TASK DIRECTIONS
The lines below, from the first through the one containing "エリーのトレンチコート「ボリ", are to be given again exactly, with pictures left out and nothing added.

↓↓↓

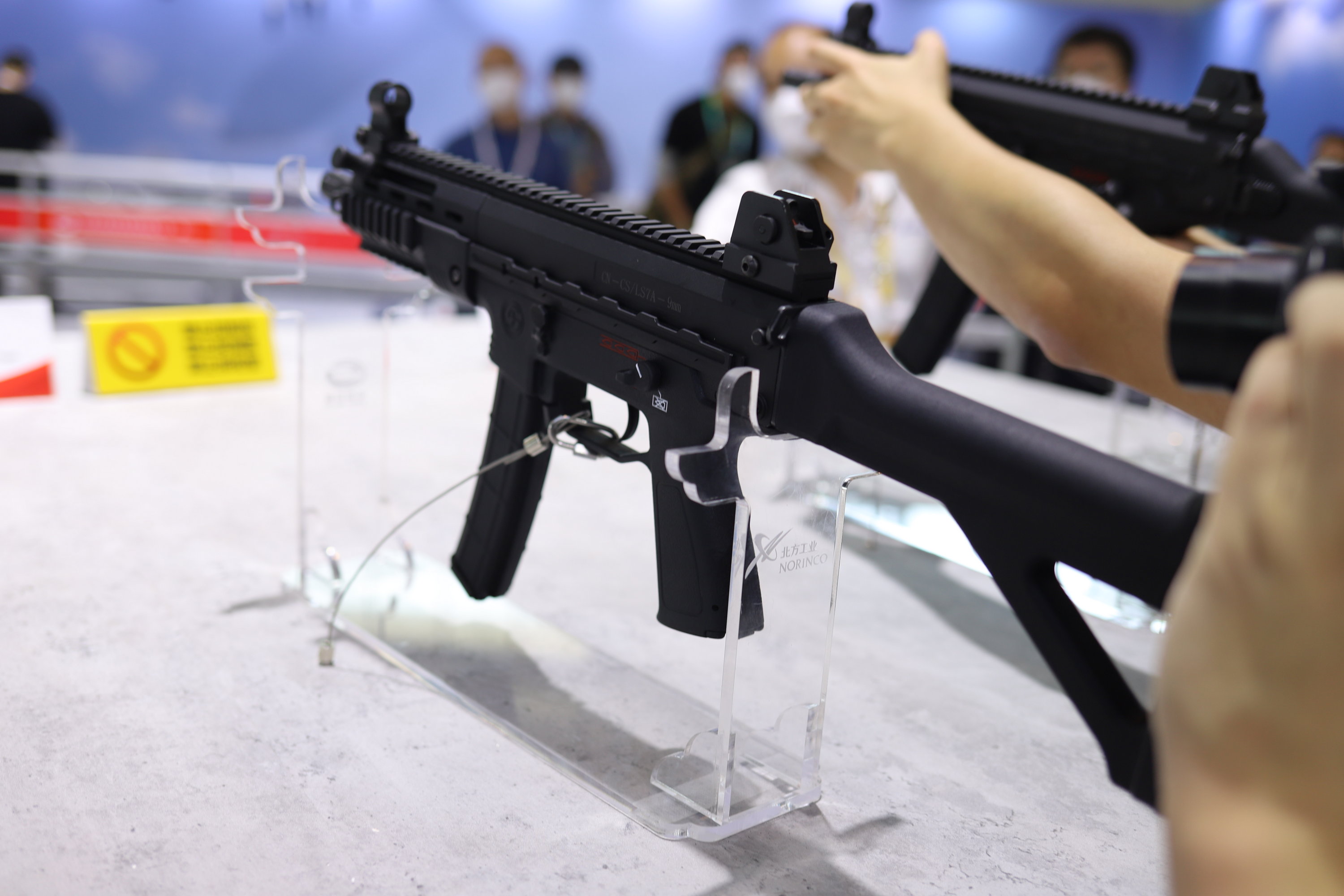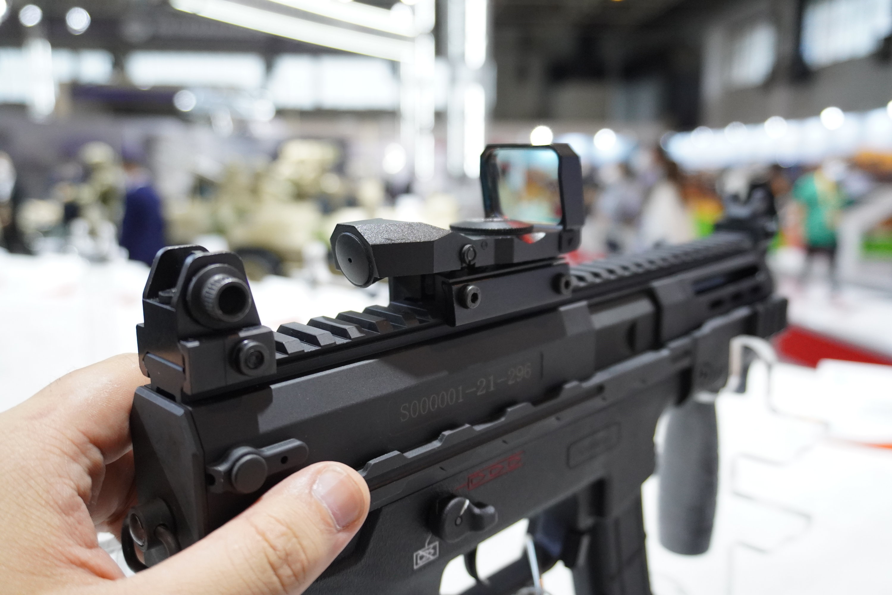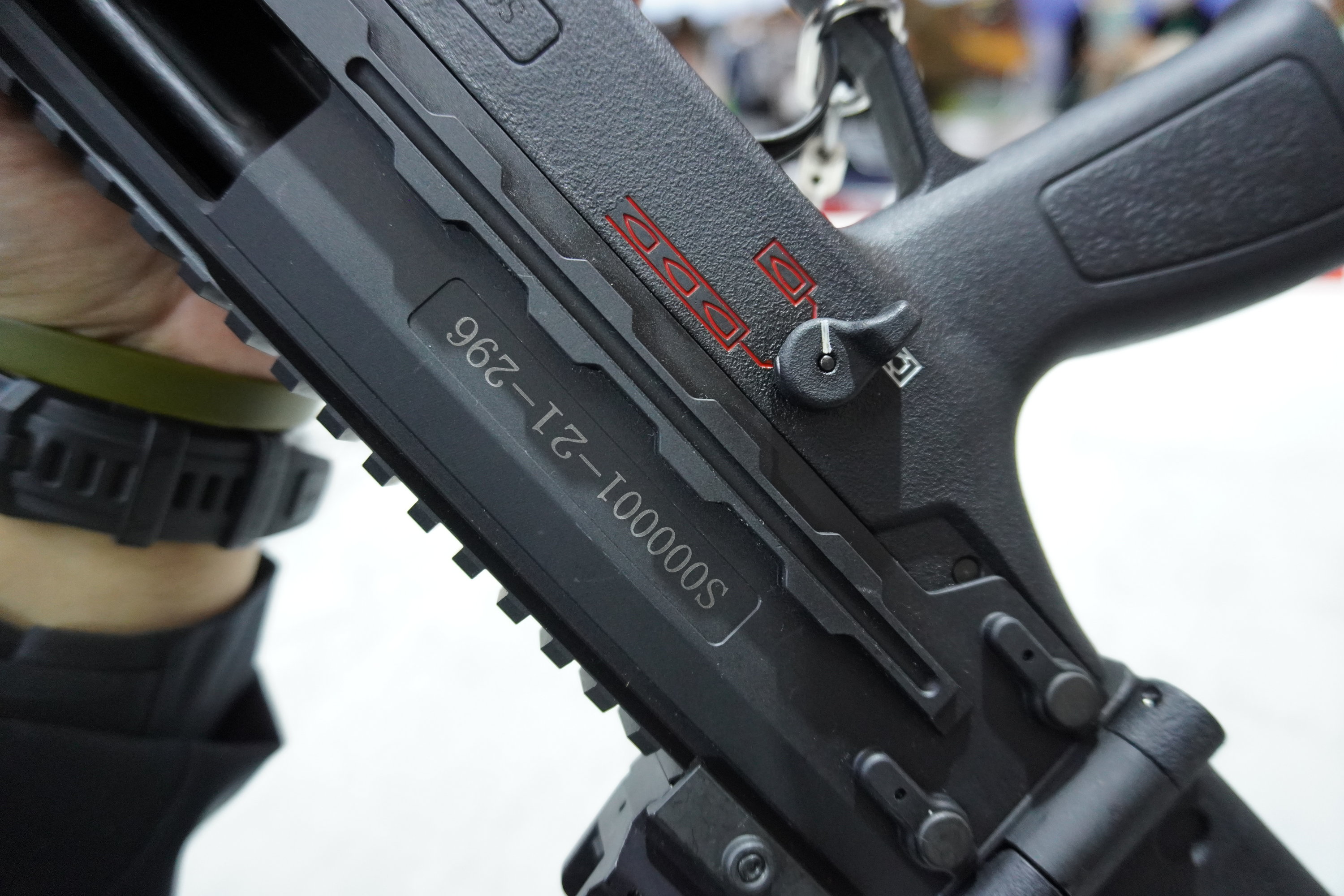 下机匣左侧有空仓挂机释放钮。机械瞄具是固定的,准星有护圈保护。枪托有两种类型,一种是伸缩式,其固定卡扣的设计是类似于MP5的绕轴转动的大拨片;另一种是折叠式的塑料枪托,从图片判断托底板似乎可以伸出。
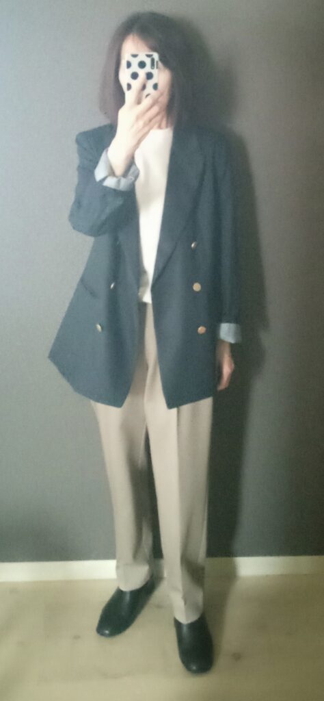 パンツのベージュが黄みのある色味なので、明るいインナーの方が相性がいいのかもしれませんね!
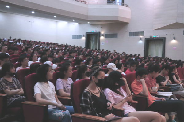 6月5日晚,商学院在大学生活动中心剧场举办职业生涯规划专题讲座,特邀乔布简历机构人才招聘和职业咨询专家张宇松主讲。商学院党总支副书记(主持工作)陆国晓、党总支副书记朱骅、19届年级组长辅导员马丽芳以及19届全体同学参加讲座。
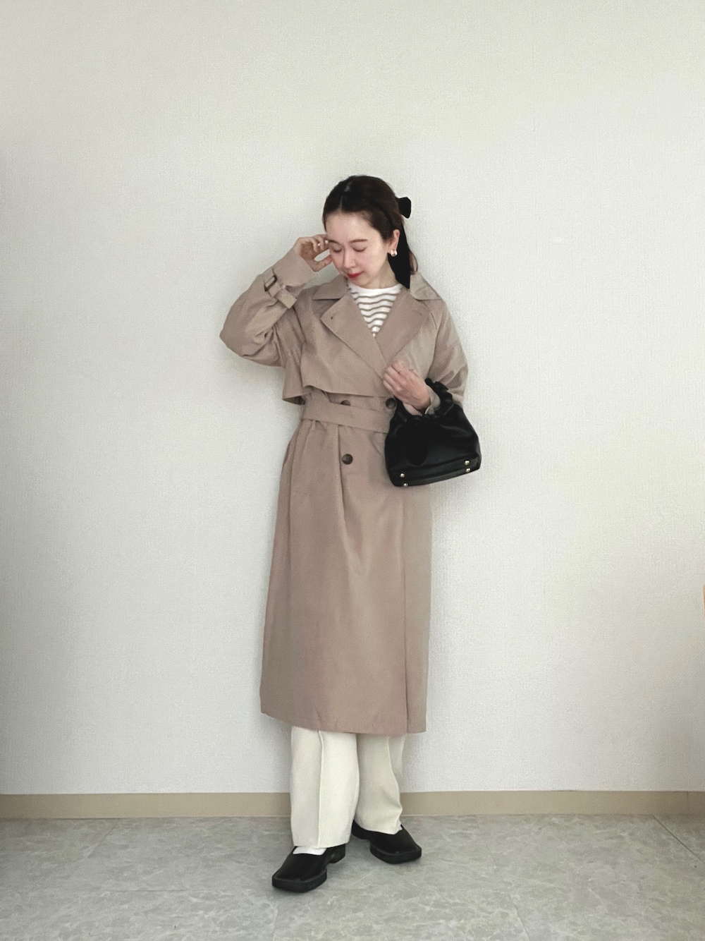 エリーのトレンチコート「ボリューム袖ベルト付きトレンチコート【ZOZO限定アイテム】」を使ったコーディネート
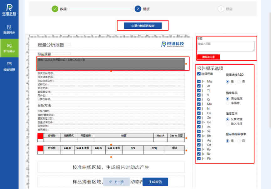 合肥銳譜科技有限公司的銳譜ICP-MS控制軟件為質譜儀檢測數(shù)據提供了豐富報告模板和模板定義工具,從數(shù)據獲取的角度完全滿足用戶的需要。“銳譜ICP-MS報告軟件”產品是銳譜ICP-MS控制軟件的配套報告軟件,在原來控制軟件的報告模板功能基礎上進行增強,以所見即所得的原則設計報告模板及呈現(xiàn)數(shù)據報告,為用戶提供更好的應用體驗。
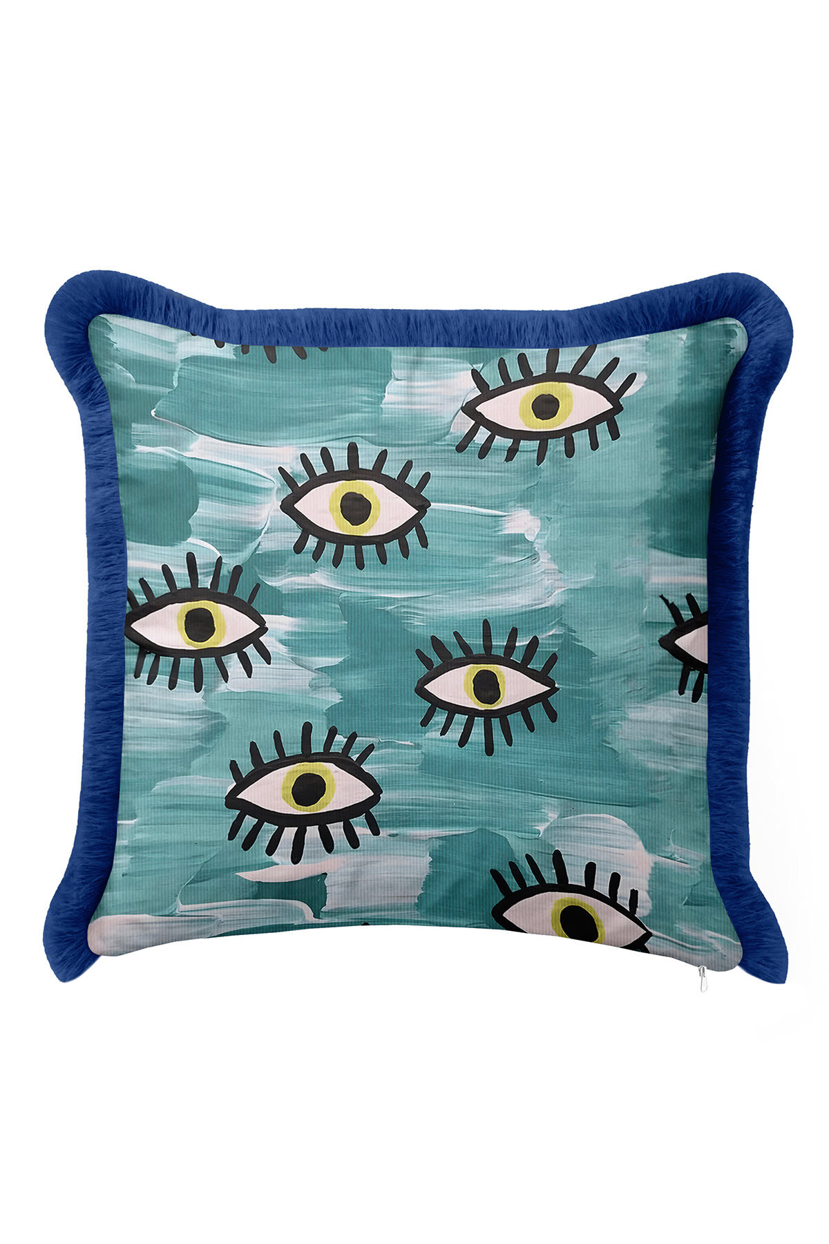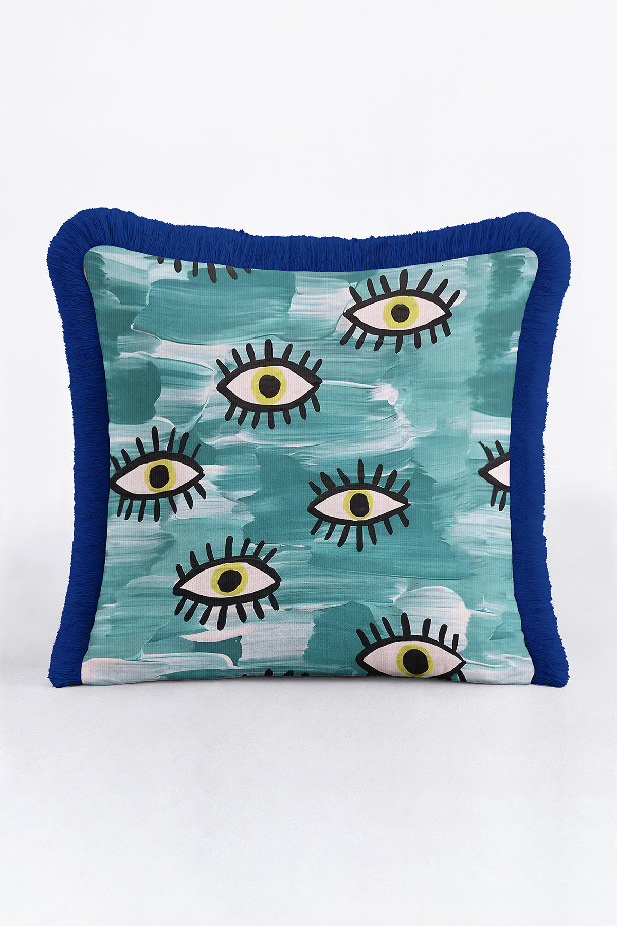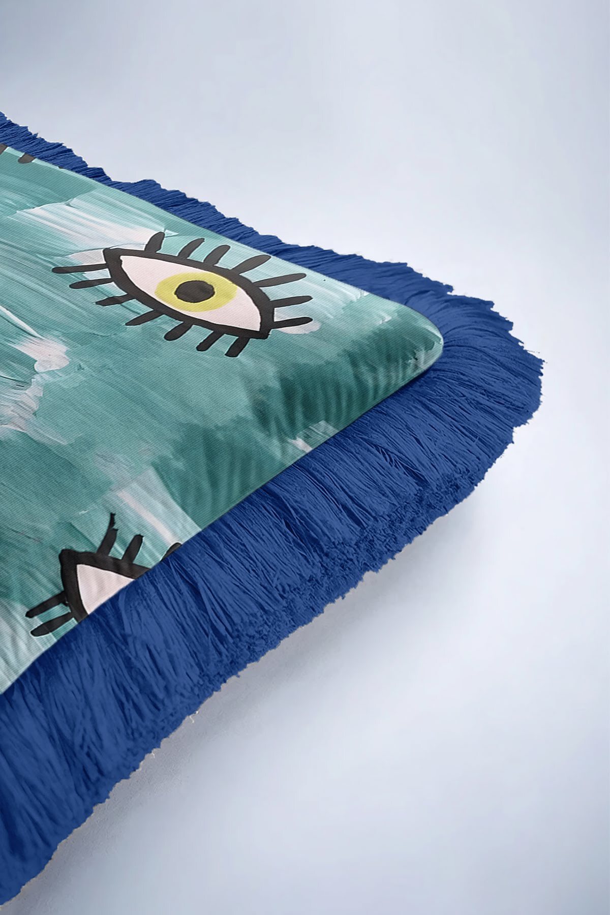 Abstract Eyes Bohemian Blue Tasseled Pillowcase Made of60% Cotton + 40% Polyester fabric with a soft velvet texture.
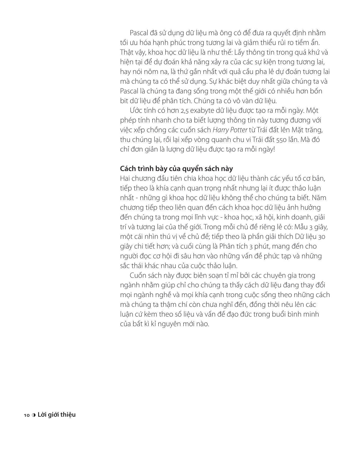 30 Giây Khoa Học - 30 Giây Khoa Học Dữ Liệu Khoa học dữ liệu (Data science) là một hệ sinh thái nhân tạo mới trong kỉ nguyên thông tin hiện đại, bao gồm từ việc tìm ra tội phạm đến dự đoán dịch bệnh. Nhưng bạn có biết rằng nó không phải chỉ là lượng thông tin khổng lồ được thu thập bởi máy tính, điện thoại thông minh và thẻ tín dụng? 30 Giây Khoa học dữ liệu bao gồm các nguyên tắc thống kê cơ bản thúc đẩy các thuật toán và cách thức dữ liệu ảnh hưởng đến chúng ta trong mọi lĩnh vực khoa học, xã hội, kinh doanh, giải trí - cùng với các vấn đề đạo đức và lời hứa về một thế giới tốt đẹp hơn trong tương lai. Mỗi đoạn văn 30 giây trình bày chi tiết một khía cạnh của khoa học dữ liệu chỉ trong khoảng 300 từ và một hình minh họa, miêu tả làm thế nào để thu thập các loại dữ liệu khác nhau và sử dụng các chương trình máy tính để tìm ra các qui luật mà mắt người không thể phát hiện ra, góp phần làm thay đổi thế giới. Tìm hiểu những ý tưởng và tiểu sử của những vĩ nhân đằng sau chúng, 30 giây Khoa học dữ liệu là cách nhanh nhất để khám phá cách dữ liệu ảnh hưởng mạnh mẽ đến các vấn đề lớn như biến đổi khí hậu, chăm sóc sức khỏe và cả những chi tiết nhỏ trong cuộc sống hàng ngày của chúng ta. Liberty Vittert là Giáo sư Khoa học Dữ liệu tại Trường Olin Business thuộc Đại học Washington, St Louis. Với tư cách là đại sứ của Hiệp hội Thống kê Hoàng gia, nữ chuyên gia của BBC và là thành viên được bầu chọn của Viện Thống kê Quốc tế, Liberty làm việc hết m.ình để phổ cập Khoa học thống kê và dữ liệu đến cho công chúng. Cô cũng là Phó biên tập cho Tạp chí Harvard Data Science Review và là thành viên Hoa Kì trong Hội đồng quản trị của Tổ chức Người tị nạn Liên hợp quốc (UNHCR).
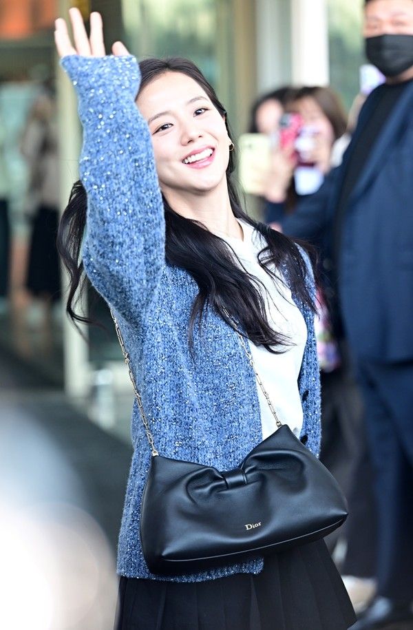 지수의 공항 패션은 디올 제품으로 완성됐다. 블루 컬러 가디건에 화이트 레터링 티셔츠를 매치해 산뜻한 스타일링을 선보였으며, 블랙 컬러 ‘J'Adior’ 펌프스와 ‘디올 보우 백’을 더해 세련된 무드를 강조했다.
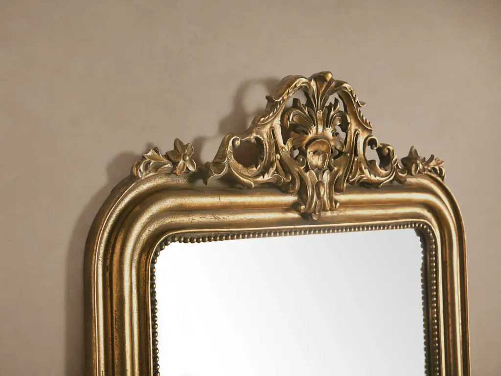 Inspired by antique French design, our Copenhagen Wall Mirror is framed in decorative molding with a warm aged gold finish. Scrolling details at the mirror’s peak add an elegant flourish that complements both classic and contemporary décor.

↑↑↑

SOLUTION FOR THIS TASK
 下机匣左侧有空仓挂机释放钮。机械瞄具是固定的,准星有护圈保护。枪托有两种类型,一种是伸缩式,其固定卡扣的设计是类似于MP5的绕轴转动的大拨片;另一种是折叠式的塑料枪托,从图片判断托底板似乎可以伸出。
 パンツのベージュが黄みのある色味なので、明るいインナーの方が相性がいいのかもしれませんね!
 6月5日晚,商学院在大学生活动中心剧场举办职业生涯规划专题讲座,特邀乔布简历机构人才招聘和职业咨询专家张宇松主讲。商学院党总支副书记(主持工作)陆国晓、党总支副书记朱骅、19届年级组长辅导员马丽芳以及19届全体同学参加讲座。
 エリーのトレンチコート「ボリューム袖ベルト付きトレンチコート【ZOZO限定アイテム】」を使ったコーディネート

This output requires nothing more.